Fait pas bon vieillir...
Jacques Chirac rectifie certains propos sur le nucléaire iranien
01/02/2007 - 11h46
PARIS (Reuters) - Jacques Chirac a déclaré dans un entretien à la presse que la possession par l'Iran d'une ou deux bombes nucléaires ne serait pas très "dangereuse", avant de rectifier ses propos, rapportent jeudi des journaux.
Le chef de l'Etat français a fait ses déclarations lors d'une interview accordée lundi au Nouvel Observateur, au New York Times et à l'International Herald Tribune avant de reconvoquer mardi les journalistes pour corriger ses dires.
Selon l'International Herald Tribune daté de jeudi, Jacques Chirac a commencé lundi par décrire comme "très dangereux" le refus de l'Iran de cesser de produire de l'uranium enrichi, qui peut être utilisé à des fins civiles comme militaires, avant d'évoquer l'hypothèse d'un Iran possédant la bombe atomique.
Ce n'est pas tant le fait de détenir "une bombe nucléaire" qui serait "dangereux", a-t-il poursuivi selon l'Observateur et le Herald Tribune - "Une, peut-être une deuxième un peu plus tard, (...) qui ne lui servira à rien".
"Où l'Iran enverrait-elle cette bombe ? Sur Israël ? Elle n'aura pas fait 200 mètres dans l'atmosphère que Téhéran sera rasé", a-t-il alors lancé.
Dans un premier temps, explique le Herald Tribune, il n'a pas été possible de déterminer si les propos de Jacques Chirac reflétaient sa pensée profonde ou s'ils l'avaient dépassée.
Toujours est-il que le président "a jugé nécessaire de revenir sur ses propos", écrit Le Nouvel Observateur.
Il a d'abord dit aux journalistes qu'il était persuadé avoir parlé "off the record", c'est-à-dire que ses déclarations ne seraient pas publiées, indique le Herald Tribune, avant de concéder avoir utilisé "un raccourci extrêmement schématique", selon Le Nouvel Observateur.
"Plus encore, a-t-il ajouté d'après l'hebdomadaire, c'est une formule que je retire."
"AU DETOUR D'AUTRE CHOSE"
"C'est moi qui avais tort et je ne veux pas le contester. J'aurais dû faire davantage attention à ce que je disais et comprendre que, peut-être, j'étais 'on the record'", a déclaré Jacques Chirac, selon les propos diffusés en anglais par l'International Herald Tribune et traduits par Reuters.
Le président français a en revanche maintenu que "si l'Iran possédait une bombe nucléaire et si elle était lancée, elle serait immédiatement détruite avant de quitter le ciel iranien", rapporte Le Nouvel Observateur.
"Et il y aurait inévitablement des mesures de rétorsion et de coercition", a ajouté le chef de l'Etat.
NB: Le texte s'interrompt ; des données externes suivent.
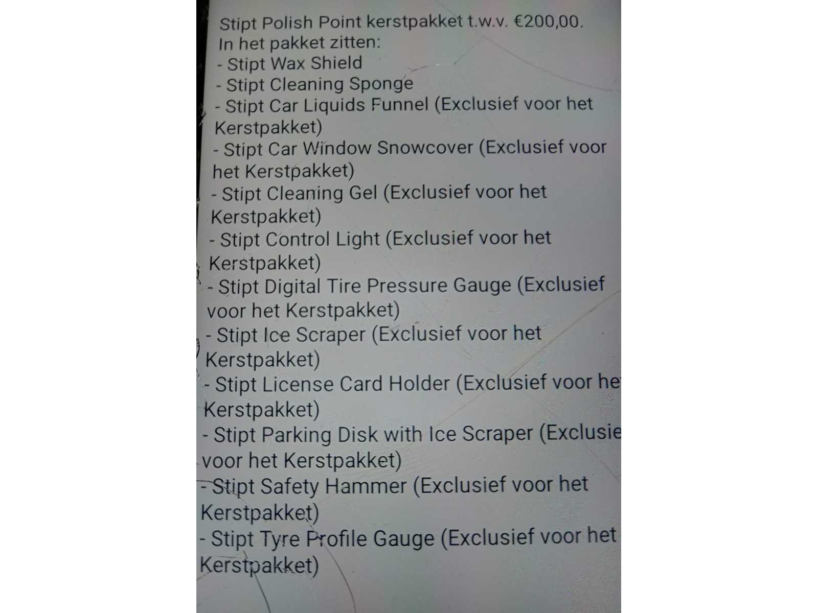Hier heb ik een paket voor de auto speciaal bij mekaar gemaakt zie foto voor inhoud is twv 200 euro leuk voor onder de kerstboom of kado te geven Merk: stipt
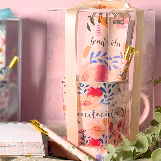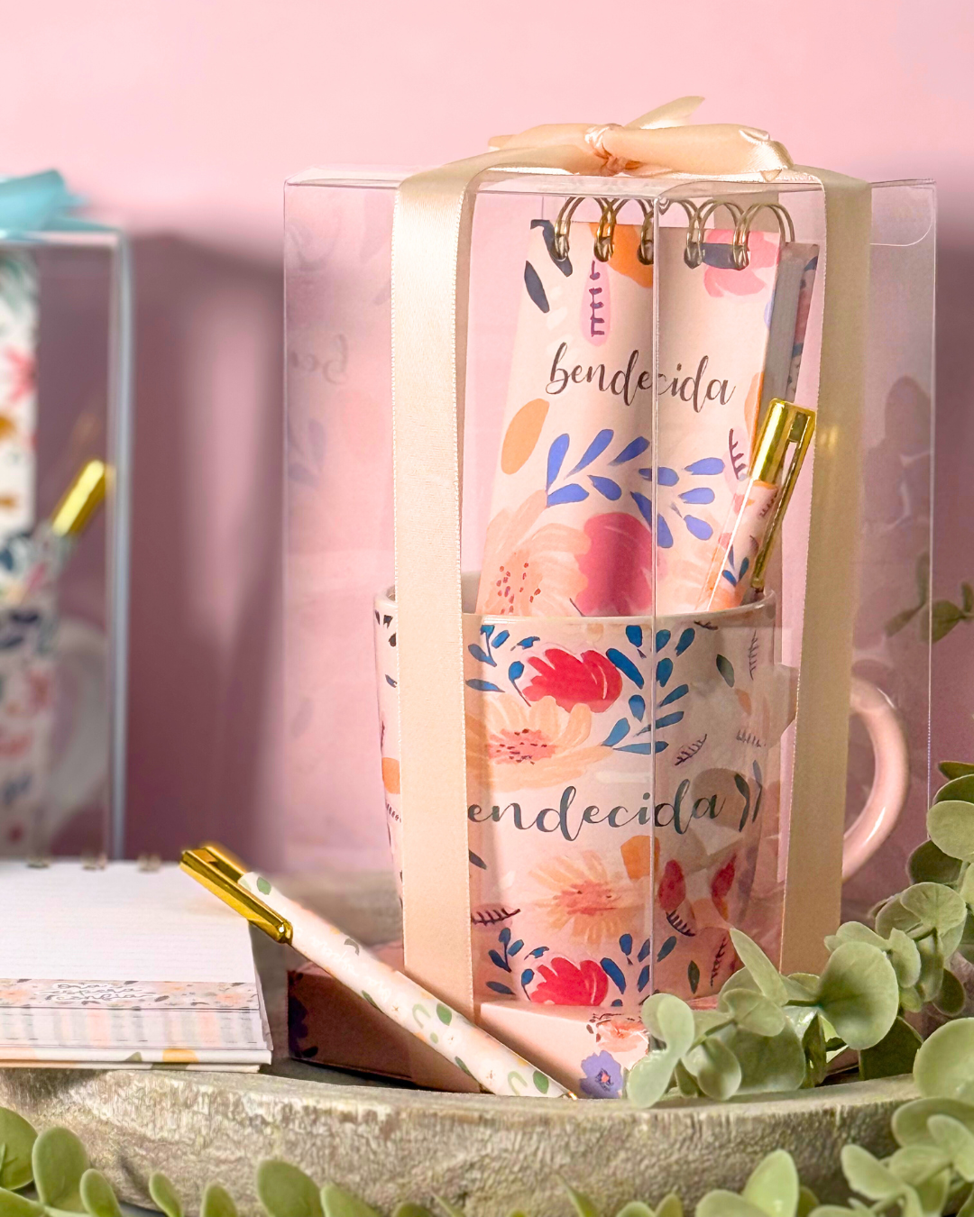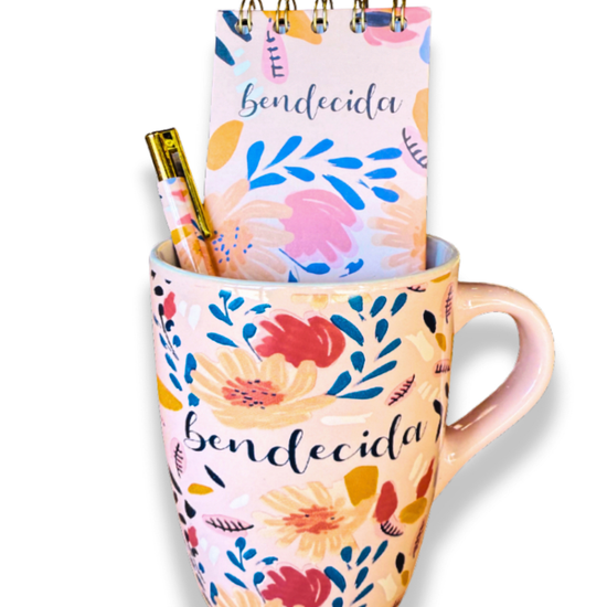 Incluye: - Taza: Capacidad de 12 oz, con asa pintada y un diseño en calcomanía a todo color. Fabricada en cerámica con un esmalte blanco que resalta su acabado elegante. - Libreta: Tamaño compacto (70 mm x 150 mm) con cubierta dura. Contiene 60 hojas de 95 gsm con impresión a todo color y diseños variados en su interior. - Bolígrafo: Diseño a juego con la libreta y la taza, agregando armonía y estilo al conjunto.

"Ce qui est très dangereux, a-t-il insisté, c'est la prolifération."
L'Elysée a apporté jeudi des précisions sur les circonstances de l'entretien, indiquant que l'interview devait porter sur l'environnement, en prévision de la Conférence mondiale sur l'environnement, à Paris.
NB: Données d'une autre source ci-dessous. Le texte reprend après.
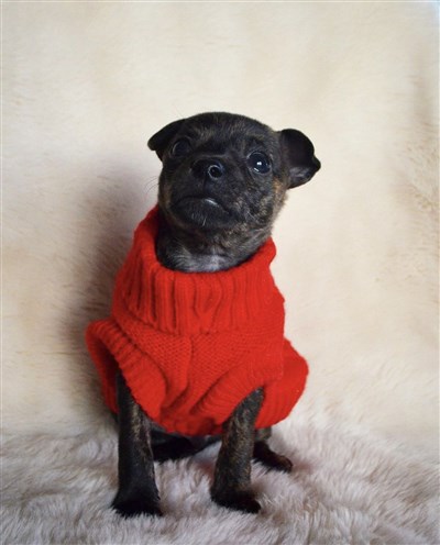 Brindle, samt svarta m vita tecken på bröst & tassar
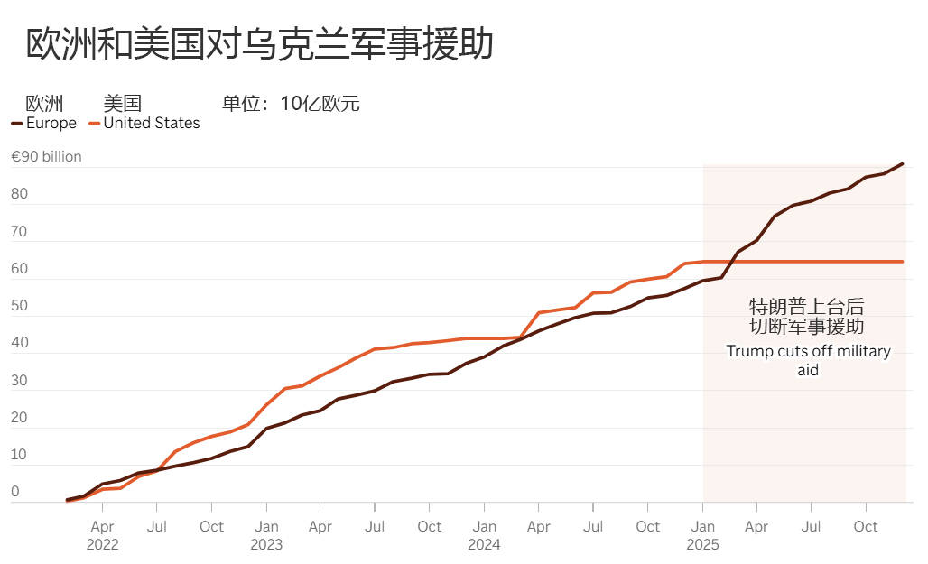 为弥补美国“断供”缺口,欧洲国家去年大幅加大军事援助规模,从2024年的435.4亿欧元,增加到2025年的728亿欧元,增幅达67%。
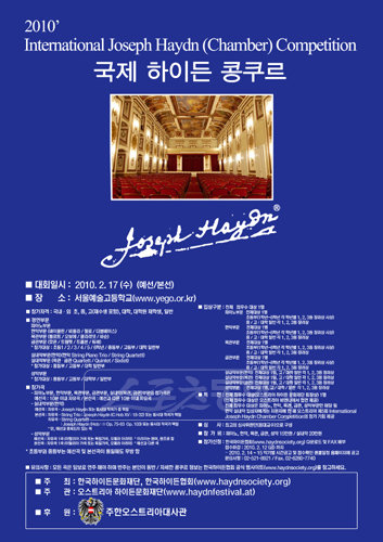 한국하이든협회(회장 변미정)가 2010년 국제하이든콩쿠르를 2월 17일 서울예술고등학교에서 개최한다.
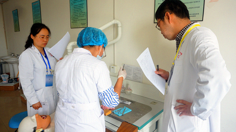本次考核包括口腔全科、口腔修復(fù)科、口腔正畸科、口腔頜面外科四個專業(yè)學(xué)科。按照山西省衛(wèi)計委住院醫(yī)師規(guī)范化培訓(xùn)臨床技能結(jié)業(yè)考核要求,采用OSCE多站式考核形式,通過現(xiàn)場讀片、病例分析(面試提問)、模型基本技能和專業(yè)特色技能操作進(jìn)行考核,并當(dāng)場進(jìn)行評分。
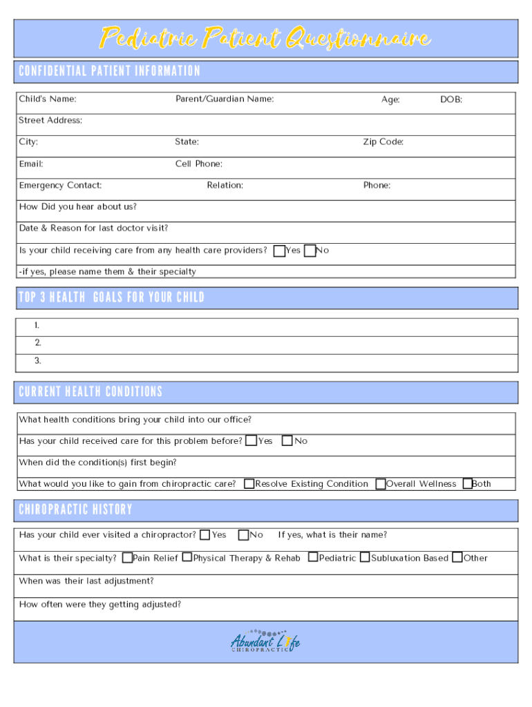 CONFIDENT TRIAL PATIENT T INFORMATION Child's Name:Parent/Guardian Name:Age:DOB:Street Address: City:State:Email:Cell Phone:Emergency Contact:Zip Code:Relation:Phone:How Did you hear about us? Date
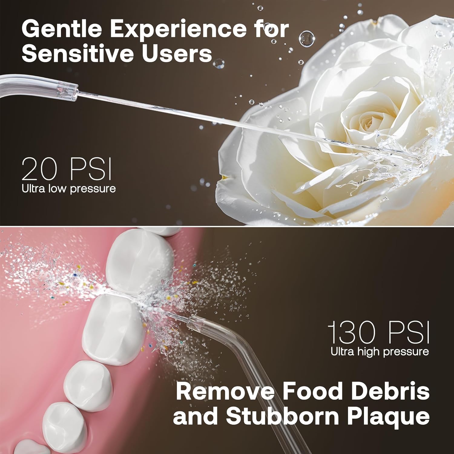 15 combinaciones de limpieza para satisfacer todas las necesidades de cuidado bucal: el irrigador dental de agua Bitvae con 3 modos y 5 intensidades ajustables, ofrece una experiencia de limpieza más cómoda y personalizada.
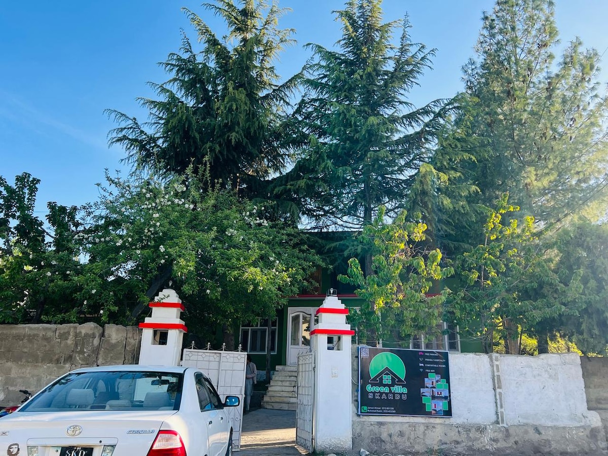 A nossa casa de hóspedes oferece uma vista deslumbrante para o vale abaixo, rodeada por pinheiros, flores coloridas, canto de pássaros e jardim verde. É um refúgio perfeito para os amantes da natureza. A sua família estará perto de tudo quando ficar neste lugar central. O forte de Kharphocho fica a 3 minutos de distância. O mercado principal fica a 1 minuto de distância. O campo de polo fica a 2 minutos. Todos os lugares podem ser vistos a partir da casa localizada no coração da cidade de Skardu num local tranquilo e elevado,
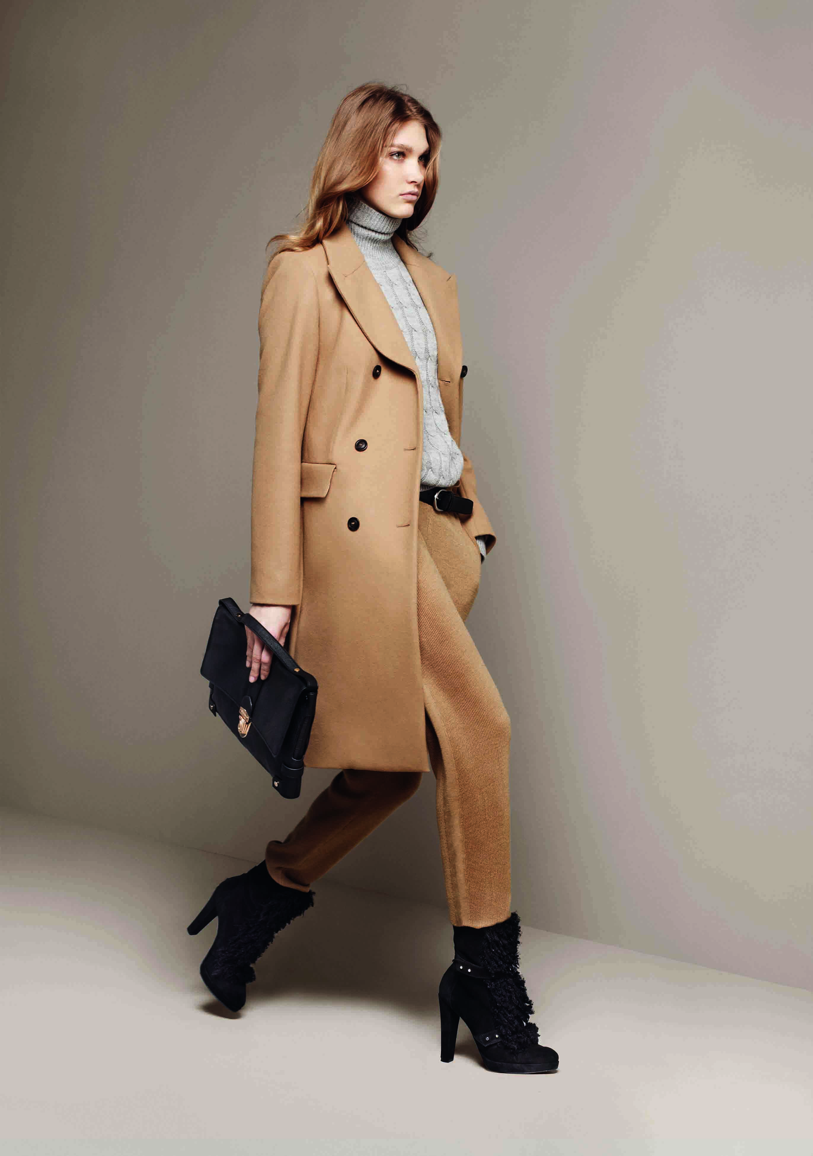 Doskonale skrojony płaszcz z wielbłądziej wełny jest ponadczasowym elementem garderoby, ale założony z miękkimi kaszmirowymi spodniami staje się modowym trendem. Spodnie cygaretki w połączeniu z płaskimi butami są szykowne, ale dodatkowej osobliwości zyskują dzięki połączeniu z bluzą z kaszmirowym kapturem.

"A l'occasion de cette interview, le président a eu une question sur l'Iran à laquelle il a répondu par courtoisie, bien que ce ne soit pas le thème de l'entretien", a-t-on déclaré.
"Compte tenu de ce que les journalistes présents voulaient faire quelque chose de considérable, le président a souhaité revoir les journalistes de façon plus longue sur l'Iran explicitement, car c'est une question qui suppose un traitement approfondi", a-t-on expliqué. "Ce n'est pas une question que l'on traite au détour d'autre chose".
"Le président a réaffirmé la position constante de la France sur l'Iran : elle demande à l'Iran de respecter ses engagements dans le nucléaire au titre du Traité de non-prolifération (TNP) tout en réaffirmant son droit au nucléaire civil", a-t-on souligné.